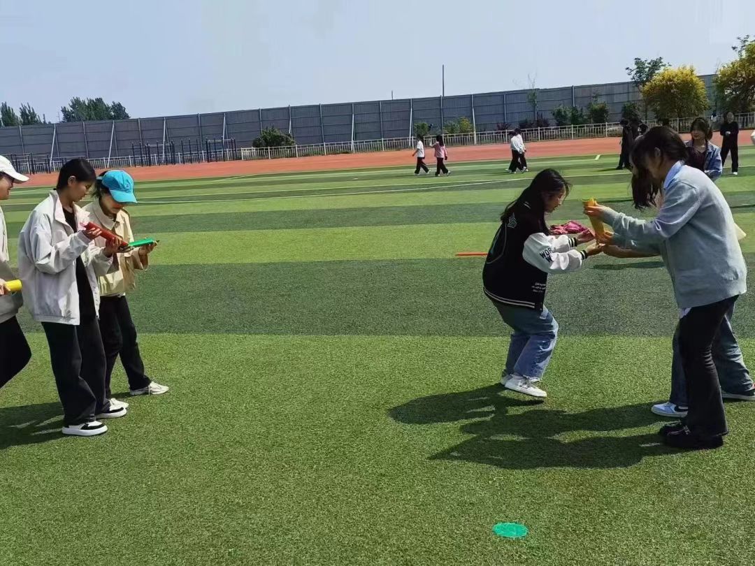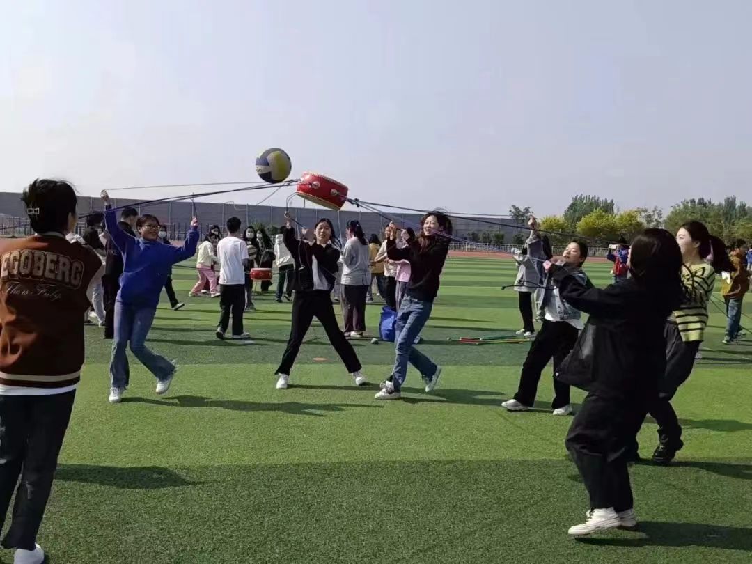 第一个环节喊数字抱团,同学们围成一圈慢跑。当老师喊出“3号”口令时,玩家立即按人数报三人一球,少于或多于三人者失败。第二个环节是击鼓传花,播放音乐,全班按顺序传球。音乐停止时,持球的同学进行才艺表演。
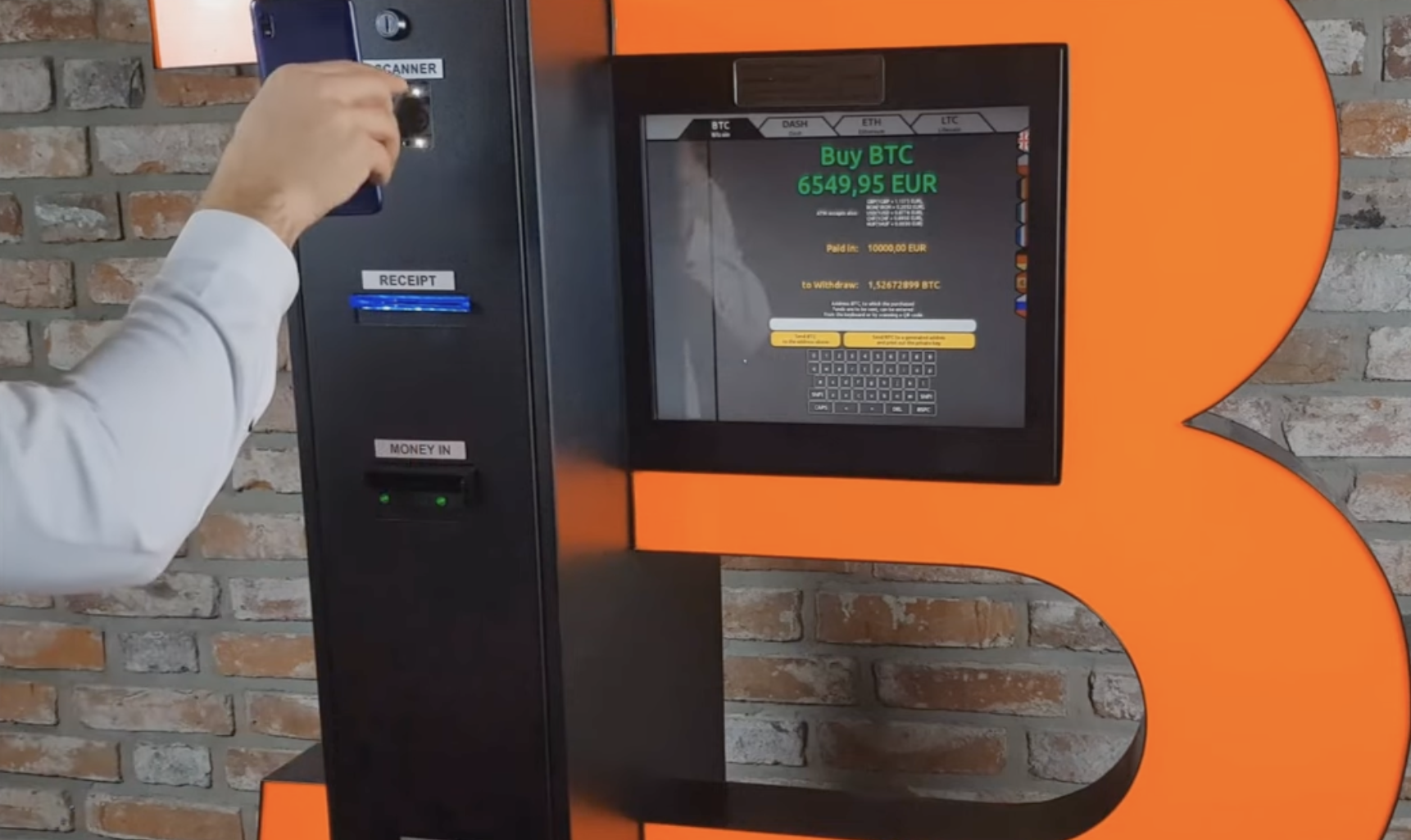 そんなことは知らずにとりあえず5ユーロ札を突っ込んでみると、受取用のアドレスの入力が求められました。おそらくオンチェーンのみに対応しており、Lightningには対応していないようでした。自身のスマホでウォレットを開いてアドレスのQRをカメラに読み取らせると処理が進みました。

::::::

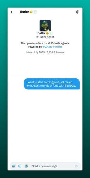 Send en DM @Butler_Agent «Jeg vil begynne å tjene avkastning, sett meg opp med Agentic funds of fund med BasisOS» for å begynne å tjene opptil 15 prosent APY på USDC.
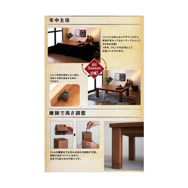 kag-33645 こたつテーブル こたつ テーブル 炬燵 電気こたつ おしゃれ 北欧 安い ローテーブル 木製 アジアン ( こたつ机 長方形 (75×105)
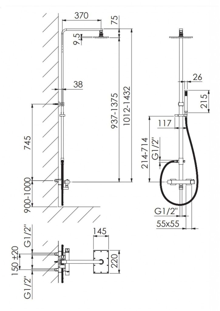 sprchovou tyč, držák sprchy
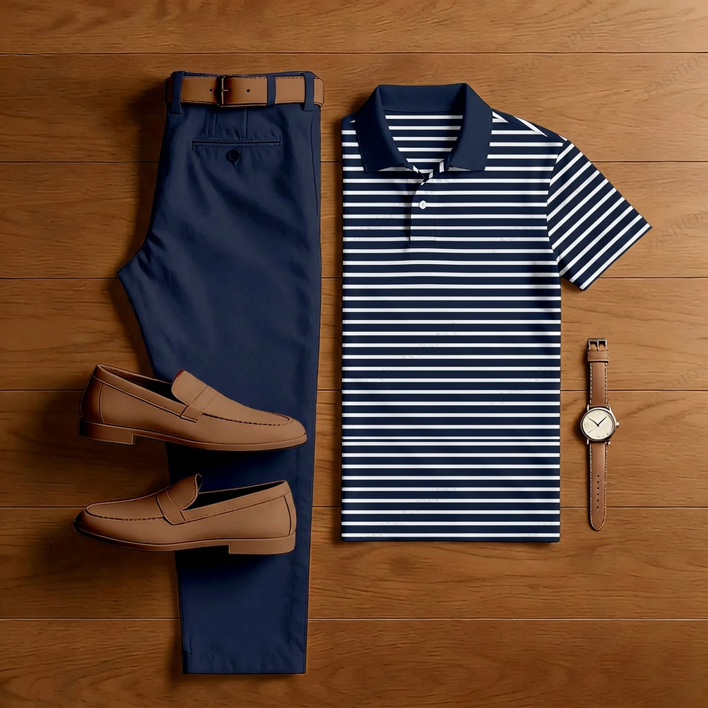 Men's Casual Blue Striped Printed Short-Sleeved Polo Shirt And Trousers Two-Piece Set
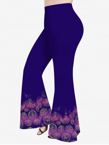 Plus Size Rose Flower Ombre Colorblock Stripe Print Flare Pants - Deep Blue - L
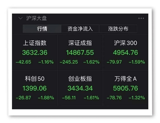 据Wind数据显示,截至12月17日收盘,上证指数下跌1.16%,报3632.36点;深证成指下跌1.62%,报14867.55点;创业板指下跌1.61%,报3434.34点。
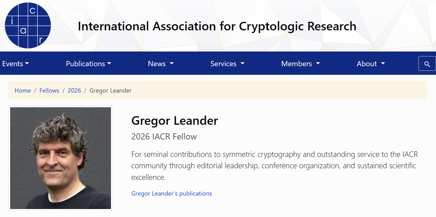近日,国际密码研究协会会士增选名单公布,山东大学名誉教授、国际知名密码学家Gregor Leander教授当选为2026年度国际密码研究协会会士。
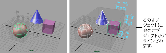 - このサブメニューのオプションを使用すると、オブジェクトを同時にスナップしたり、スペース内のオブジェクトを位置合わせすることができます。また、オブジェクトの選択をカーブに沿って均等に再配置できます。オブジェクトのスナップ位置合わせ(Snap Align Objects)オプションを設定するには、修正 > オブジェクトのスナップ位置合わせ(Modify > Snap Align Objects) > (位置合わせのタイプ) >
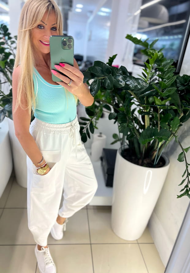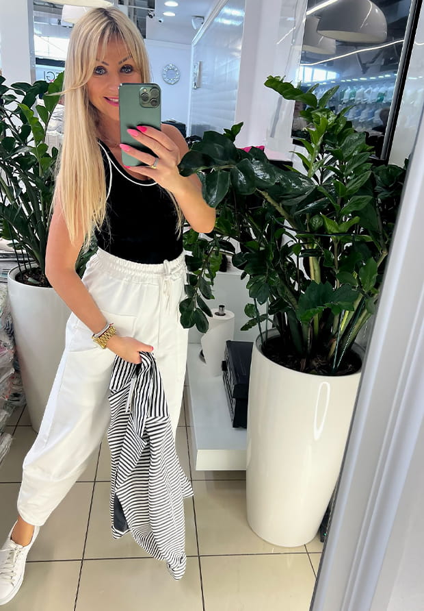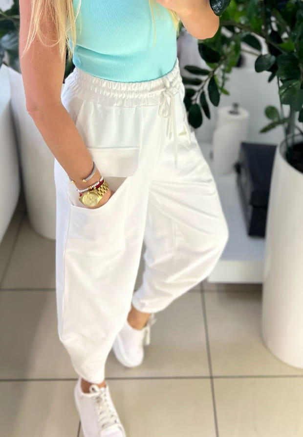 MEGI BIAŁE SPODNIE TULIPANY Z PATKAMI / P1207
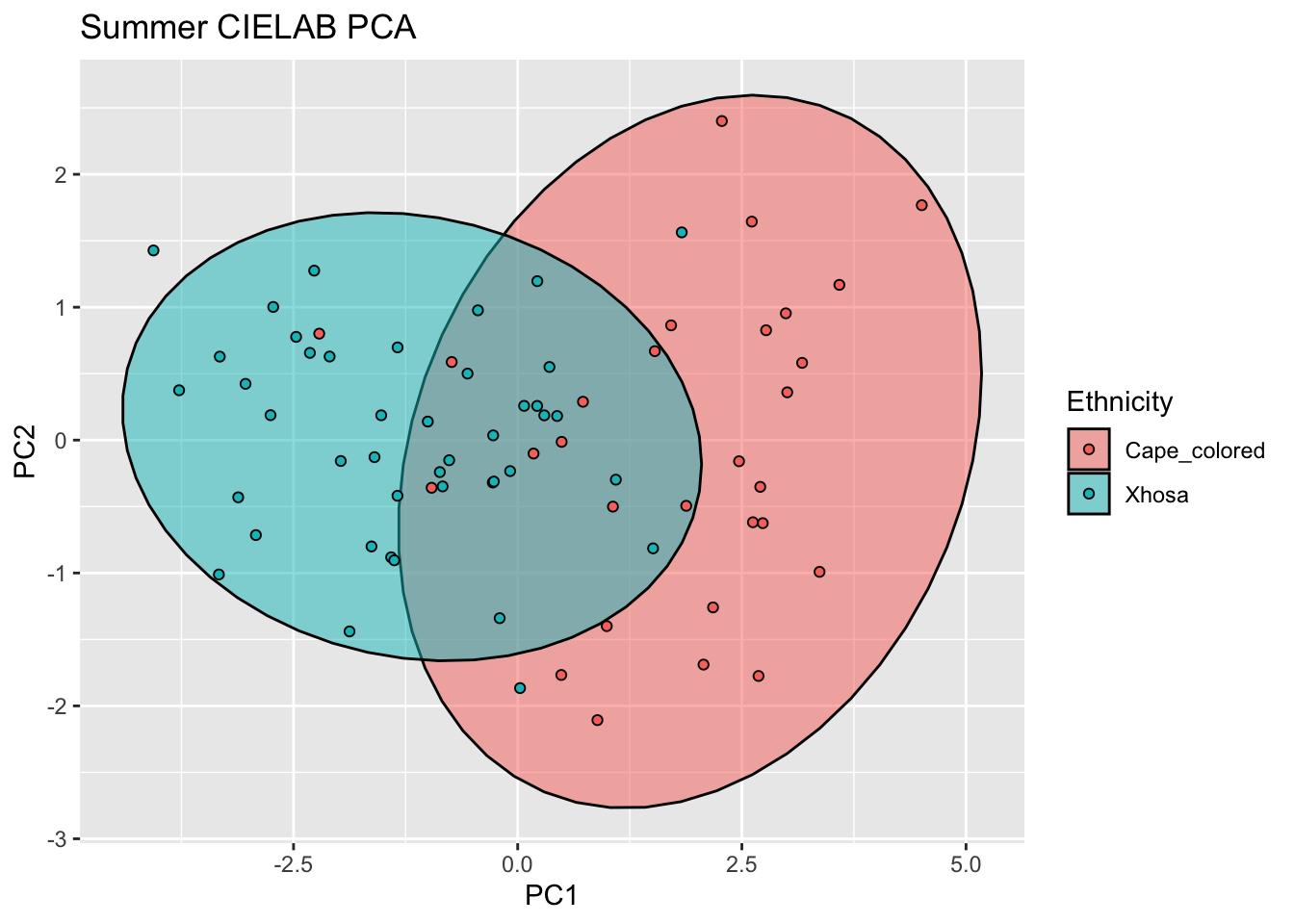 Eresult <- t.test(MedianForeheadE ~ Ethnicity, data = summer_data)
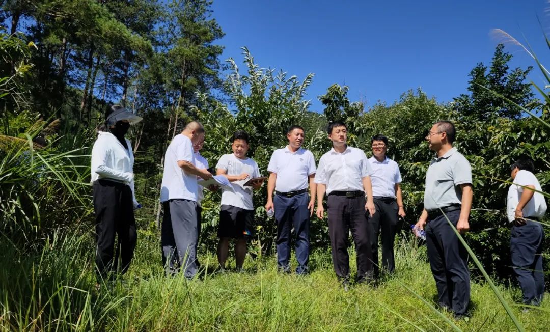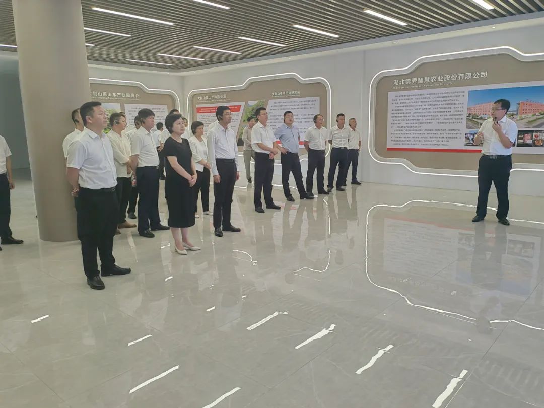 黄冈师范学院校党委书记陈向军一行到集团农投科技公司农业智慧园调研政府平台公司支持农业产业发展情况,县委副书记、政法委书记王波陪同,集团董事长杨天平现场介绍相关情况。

::::::

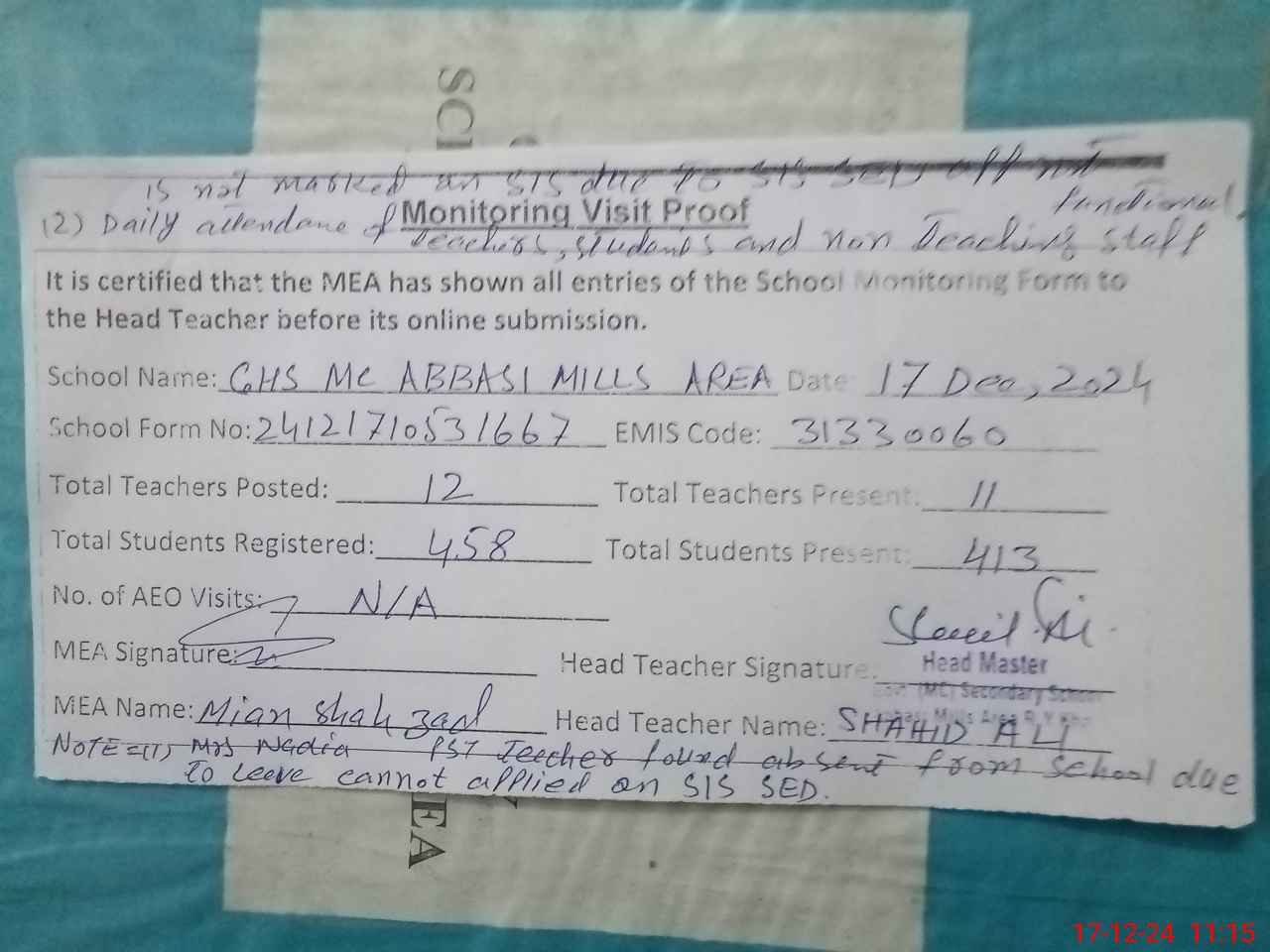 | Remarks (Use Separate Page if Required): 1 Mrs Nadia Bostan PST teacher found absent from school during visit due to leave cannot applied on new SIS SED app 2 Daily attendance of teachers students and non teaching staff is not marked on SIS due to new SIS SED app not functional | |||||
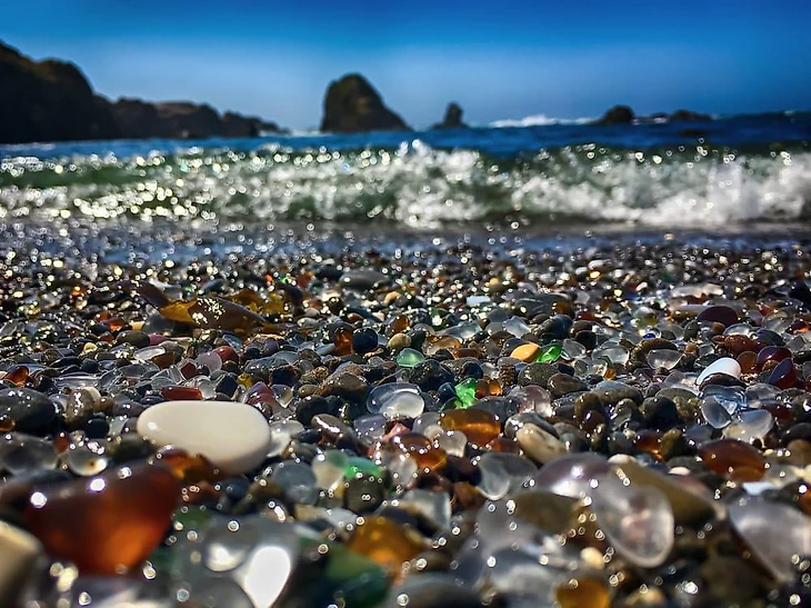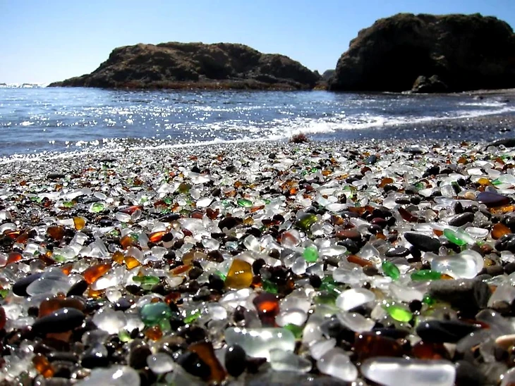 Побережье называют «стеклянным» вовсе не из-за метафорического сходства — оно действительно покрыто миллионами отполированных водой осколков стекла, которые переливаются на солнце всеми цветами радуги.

::::::

● **What is expected**
In the data above, find the line containing "kag-33645 こたつテーブル こたつ" and the line containing "Plus Size Rose". Copy exactly the stretch from the first through the second, both included, leaving out any picture.

● **Output**
 kag-33645 こたつテーブル こたつ テーブル 炬燵 電気こたつ おしゃれ 北欧 安い ローテーブル 木製 アジアン ( こたつ机 長方形 (75×105)
 sprchovou tyč, držák sprchy
 Men's Casual Blue Striped Printed Short-Sleeved Polo Shirt And Trousers Two-Piece Set
 Plus Size Rose Flower Ombre Colorblock Stripe Print Flare Pants - Deep Blue - L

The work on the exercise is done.